To be accurate, I should say it was Hank Steinbrenner who wanted A-Rod back. Hank was running the team in place of his principal-owner father as senior vice president while his younger brother Hal served as executive vice president of Yankee Global Enterprises.
Within the next year, Hank stumbled down the corporate ladder, and Hal had replaced him at the top, bringing a more stabled and conservative leadership to the vaunted organization.
But the Yankees were stuck with A-Rod’s contract, and they came to regret it, especially when the star slugger was unveiled as the star steroids slugger and missed all of last season under MLB suspension.
It is the latter A-Rod whom the Yankees seek to deprive of his marketing payments. I call them payments rather than bonuses because MLB doesn’t allow teams to give players bonuses for hitting a certain number of home runs or driving in a certain number of runs or striking out a certain number of batters.
As described by a lawyer familiar with the Yankees’ thinking and planning when they devised the marketing plan, “the idea was if he hit these milestones they’d have a joint promotion where they could have events and sell merchandise. A-Rod would get $6 million and the Yankees would get everything else.”
The plan called for Rodriguez to get $6 million each if and when he hit career home run No. 660 (tying Willie Mays), 714 (tying Babe Ruth), 755 (tying Henry Aaron), 762 (tying Barry Bonds) and 763 (surpassing Bonds with the most lifetime homers in history).
The Yankees’ thinking, however, has changed because of Rodriguez’s admitted use of performance-enhancing drugs and his 2014 suspension. They feel that he fraudulently induced them to agree to the marketing deal by hiding the fact that he hit home runs chemically aided.
If Rodriguez, who ranks fifth on the career list with 654, hits 6 home runs, the Yankees do not plan to give him $6 million or market his feat.
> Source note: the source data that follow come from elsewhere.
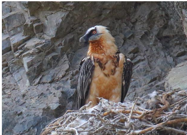
Adult Bearded Vulture on the nest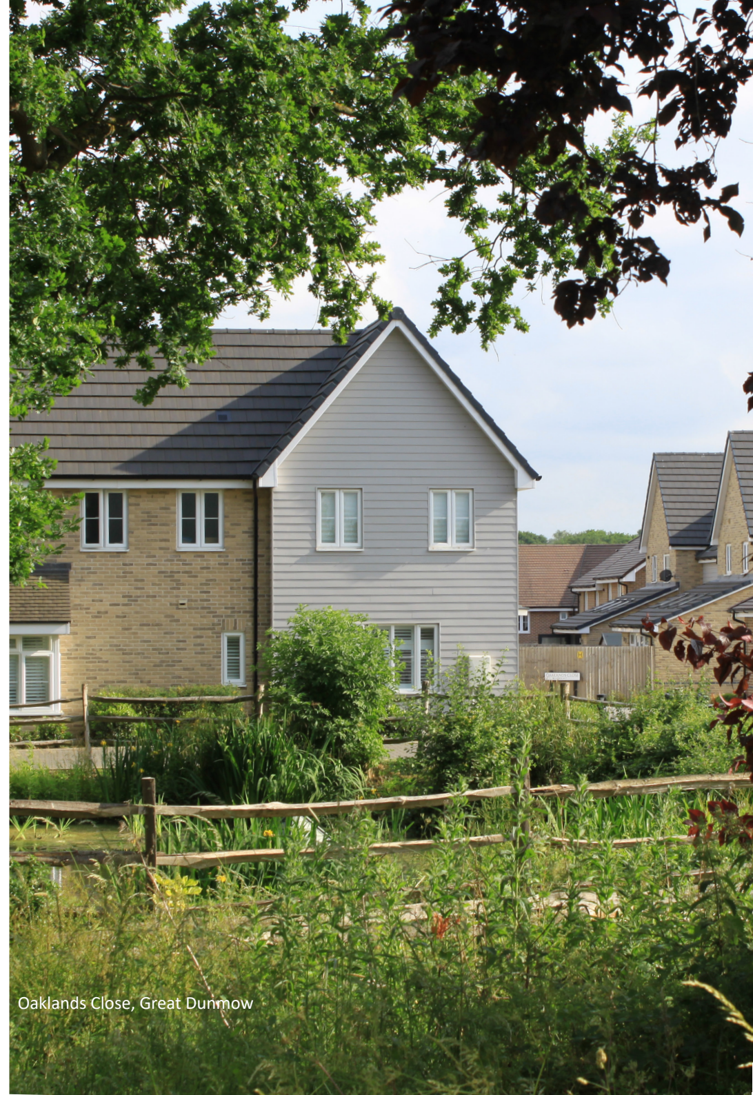
Oaklands Close, Great Dunmow

A Quality Review Panel provides a well-established method of offering independent and impartial guidance on the design of new buildings, landscapes, and public space.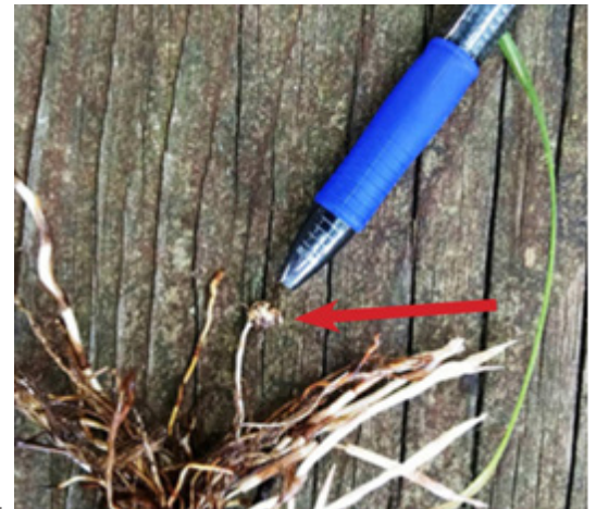
Photo 1: Yellow nutsedge primarily reproduces by tubers.

As a result of this misconception, yellow nutsedge can be difficult to control with approaches that are better suited for grasses. In this, some agricultural circles see yellow nutsedge as a serious challenge to weed control in crop production. The sedge family is quite large with some 5,500 known species distributed across the globe. Though we are most often faced with yellow nutsedge in the Mid-Atlantic, with purple nutsedge being commonly found in the Southeastern United States.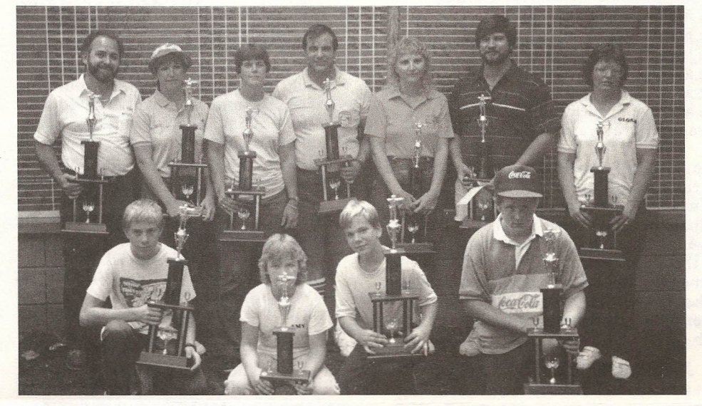
A few of our 1987 State Closed Champions.

Warwick Bowmen would like to thank the 175 shooters that braved the rain to attend the 1987 State Closed Tournament. In spite of the weather some excellent scores were shot. Warwick would like to invite everyone back for the Mid-Atlantics in June of '88 and the State Closed in September of '88. Hopefully, the weather will cooperate and the range will be a little drier.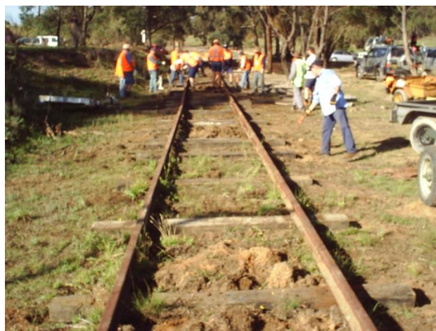
Part of the original work crew

I have included some photos of the 2007 Christmas Party. Sad to say some of these folk are no longer with us.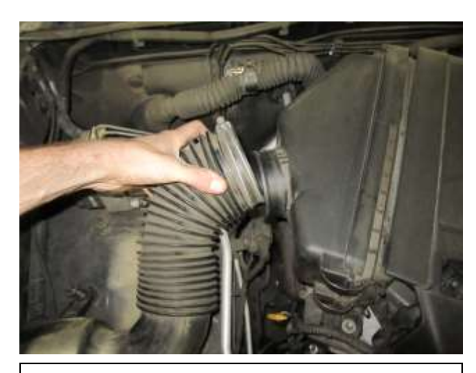
b. Detach the intake tube from the air box.

Their thinking is the same for the four other $6 million milestones.
The Yankees don’t seem to want A-Rod to play let alone hit home runs. Without waiting to see if he can play after a year off, they have declared Chase Headley their third baseman and suggested that A-Rod can scrounge for playing time as the designated hitter.
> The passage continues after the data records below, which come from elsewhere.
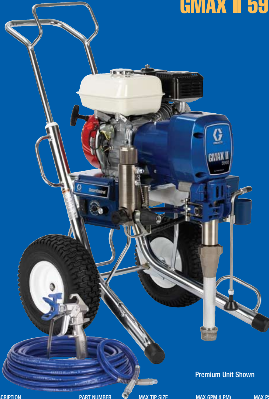
Premium Unit Shown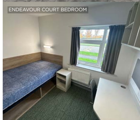
ENDEAVOUR COURT BEDROOM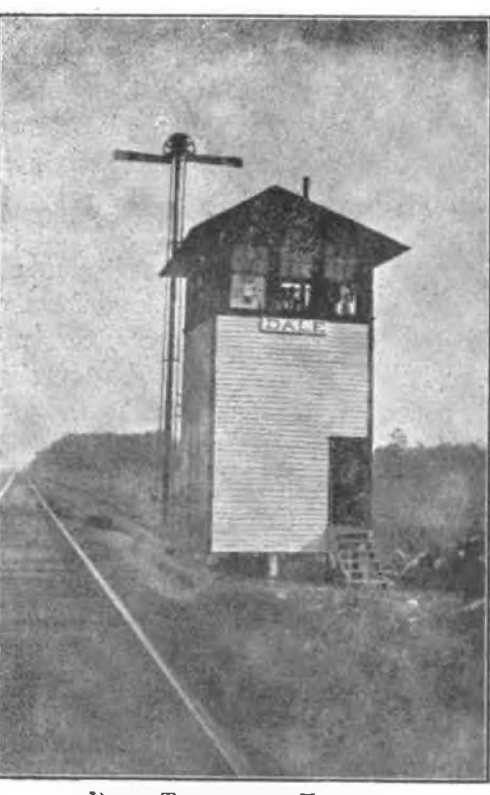
DALE TELEGRAPH TOWER.

The occurrences, which I am about to relate, have only just ceased. As soon as I heard of them I began an investigation, and while I was so unfortunate as not to witness the phenomena myself, I had the good fortune to interview the three young men who collectively witnessed them, and I personally visited the scene of the disturbance. With these three young men I am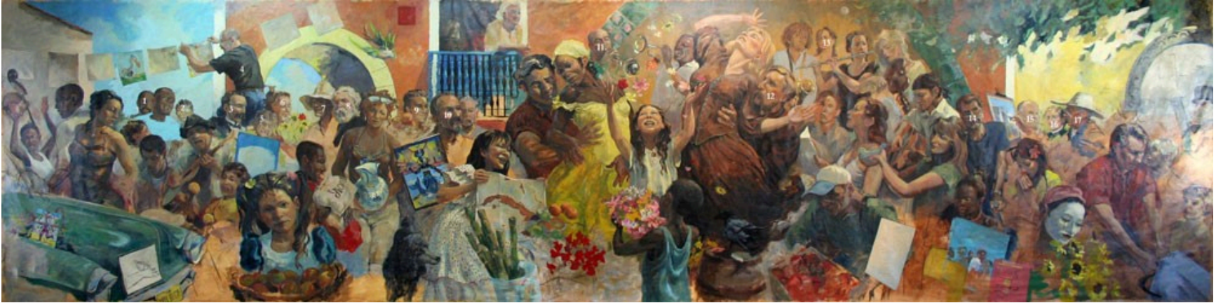
Dance of Two Cultures Brunswick Christopher Cart, 2008

The Yankees certainly don’t seem interested in having Rodriguez help them win. The interesting aspect of his playing is that given his circumstances – missing a year and soon to turn 40 years old – he is more likely to hit home runs occasionally than hit for average.
If he plays enough and hits six home runs, A-Rod would have $6 million due him. By withholding that payment, the Yankees would force Rodriguez to pursue it through the grievance procedure. They are confident that they could make a strong case before the impartial arbitrator, Frederic Horowitz, but I’m not sure anyone else thinks so. One lawyer told me he doesn’t think Major League Baseball would even agree with the Yankees’ position.
MLB decisions, in fact, actually work against the Yankees. For years, Commissioner Bud Selig said, when asked that he would not change or act on any statistics achieved by players who subsequently admitted to having used or were found to have used steroids.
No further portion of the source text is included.